Тимофей прошел к плите, принялся чуть ли не торжественно наливать и выкладывать пищу из чугунов в большие котелки.

Рябой потянул носом аромат кухни, почтительно осведомился :

— Чем вы, Тимофей Корнеич, сегодня нас порадуете?

— Суп с крикадельками, тюхтели с картошкой-пюре под соусом...

Рябой даже присогнулся от посыпавшихся замысловатых и непонятных названий, проглотил набежавшую слюну и еще почтительнее сказал, слегка кашлянув:

— Так что, Тимофей Корнеич, наши хлопцы, то есть раненые, просили передать вам душевное спасибо за вчерашнее угощеньице. Очень уж по аппетиту пришлось. Говорят, что ваши старания лучше разных пилюлей действуют.— А потом с лукавинкой: — По энтим причинам некоторые хлопцы пововсе не хотят из лазарета уходить...

Тимофей лишь мельком глянул на Артемку и Костю, но и этого взгляда было довольно, чтобы понять всю радость и гордость, какую доставили ему слова раненого.

Костя и Артемка пошли на квартиру. Шли молча. Тимофей со своими «тюхтелями» и разговорами всколыхнул такие мысли, о которых они и не подозревали. И только уже дома, в небольшой крестьянской избе, молчание было нарушено. Нарушено Костей.

Он закурил, прилег на лавку, застланную дерюжкой, спросил:

— Ну, а ты, Космач? Какие твои жизненные цели? Для чего, например, ты воюешь?

— Как для чего? — взъерепенился Артемка.— Чтоб беляков не было!

Костя задумчиво пустил струйку дыма.

— Этого мало, Космач. Очень мало...

— А для чего? — обидчиво спросил Артемка.

— Я?.. — привстал Костя, но не ответил: в избу вошел Неборак.

— Здравствуй, здравствуй, Артем. Все в порядке? Молодец. А доехали как? Тоже хорошо?

Костя пододвинул табуретку, Неборак сел, оглядывая Артемку все такими же острыми глазами.

— Что нового в Тюменцеве?

— Беляки там. Бубнов пришел со своим отрядом... Вот у вас тут новостей!

Неборак кивнул:

— Много.

Артемка помолчал, о чем-то раздумывая, потом снова поднял на Неборака быстрые глаза:

— Вот скажи: мы воюем, чтобы на земле ни одного беляка не было? Правда? Ведь этого не мало?
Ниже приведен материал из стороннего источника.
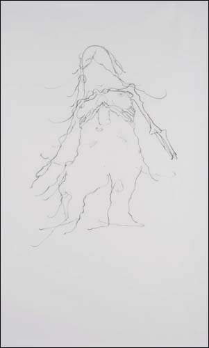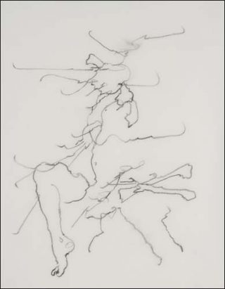 De la même façon, les nus de Chloé Piene restent des «hypothèses de corps», incomplets, fantasmagoriques, où l’on retrouve la récurrence des seins, de la tête, des jambes. Eux aussi subissent une perturbation, exprimée dans la fébrilité même du trait de crayon, instable, vibrant comme s’il était exposé en permanence à des ondes sismiques d’une amplitude variable. Lieu de tensions et surtout d’ouvertures, le corps se contracte, se dilate, ses contours se rompent au risque de le rendre perméable et peu identifiable.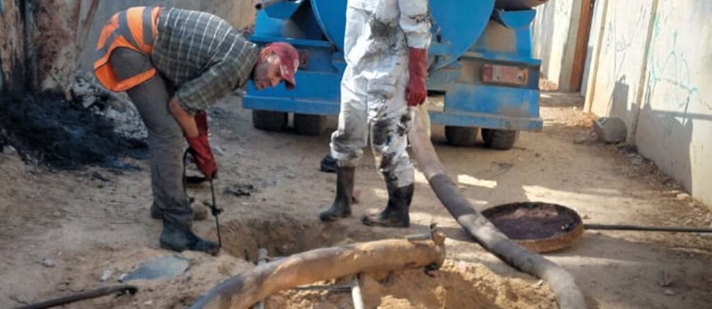 بلدية المغازي تُنجز أعمال تنظيف لشبكة الصرف الصحي في حي الزعفران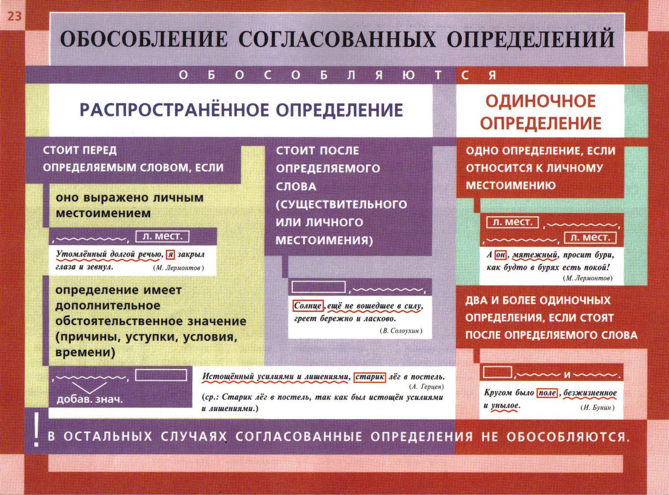 ознакомление учащихся с условиями обособления согласованных определений; формирование у учащихся умений видеть обособленные определения в предложении, правильно ставить знаки препинания при обособленных определениях, интонационно правильно произносить их;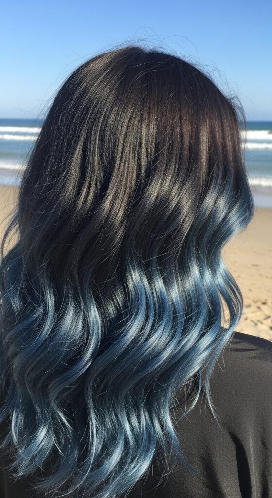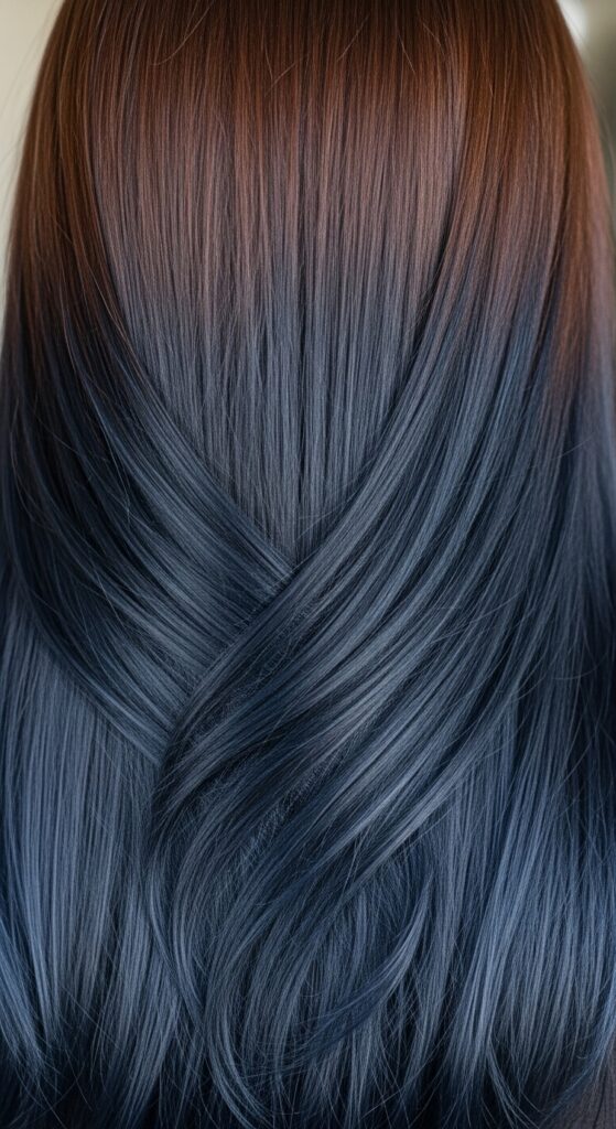 Start with a deep brunette at your roots and let it melt dramatically into blue black mid-shaft down. This creates a beautiful, gradient effect that feels warmer and more organic than a stark contrast.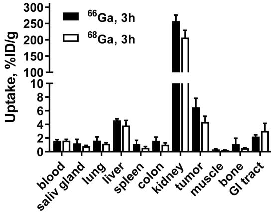 Biodistribution of [66Ga]Ga-DFO-ZEGFR:2377 and [68Ga]Ga-DFO-ZEGFR:2377 conjugates in BALB/C nu/nu mice bearing EGFR-expressing A431 xenografts at 3 h p.i.. The data are presented as the average (n = 4) and SD.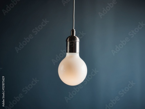 Elegant Hanging Light Bulb on a Dark Blue Background Perfect for Contemporary Design Projects.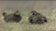 Prairie chickens peck around a grassy field and circle each other. - stock video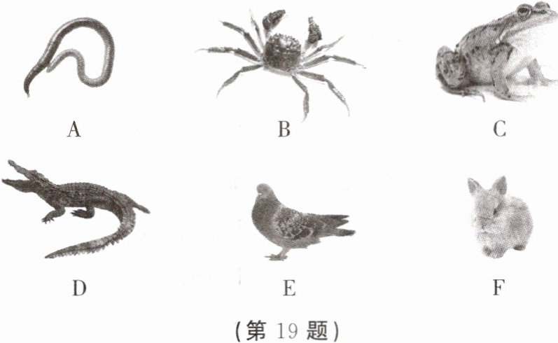 19. 动物之美,是一种个性之美,是一种充满竞争与进化之美,是一种自然之美。请仔细观察图中的动物,概述各种动物的主要特征。
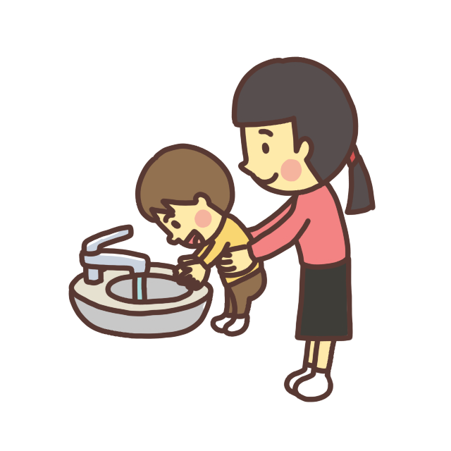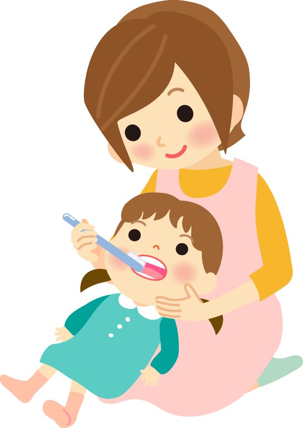お母さんが子供に歯磨きの仕上げをしてるイラスト園だより、おたよりで使えるかわいいイラストの無料素材集 イラストだより。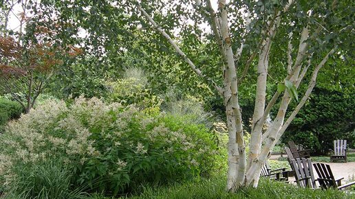 В статьях я читал, что береза - это дерево-"насос": она способна выкачивать за сутки из почвы до 200 л воды, а ее поверхностная корневая система душит всё, что растет ближе пяти метров к стволу. Но читать - это одно, а вот видел я в садах совсем другое. На верхней фотографии из сада Wollerton Old Hall наблюдаем чубушник Aurea, многорядник, купену, бруннеру, дицентру. Я бы не сказал, что все эти растения хорошо переносят недостаток влаги. А вот еще одно фото оттуда же. Под березой сидят бутень жестковолосистый Roseum, киренгешома, купена и один из серебристых сортов кочедыжника...

Неборак вимательно посмотрел на Артемку, ответил медленно:

— Не мало. Даже очень много.

— Ну вот! — Артемка стрельнул насмешливым взглядом в Костю.

— Но этого нам совсем недостаточно...— возразил Неборак.

Теперь уже Костя глянул на Артемку:

— Видал, Космач?!

— А что еще надо?

Неборак ответил не сразу. Затянулся несколько раз подряд самокруткой, отбросил к печи обжегший пальцы окурок.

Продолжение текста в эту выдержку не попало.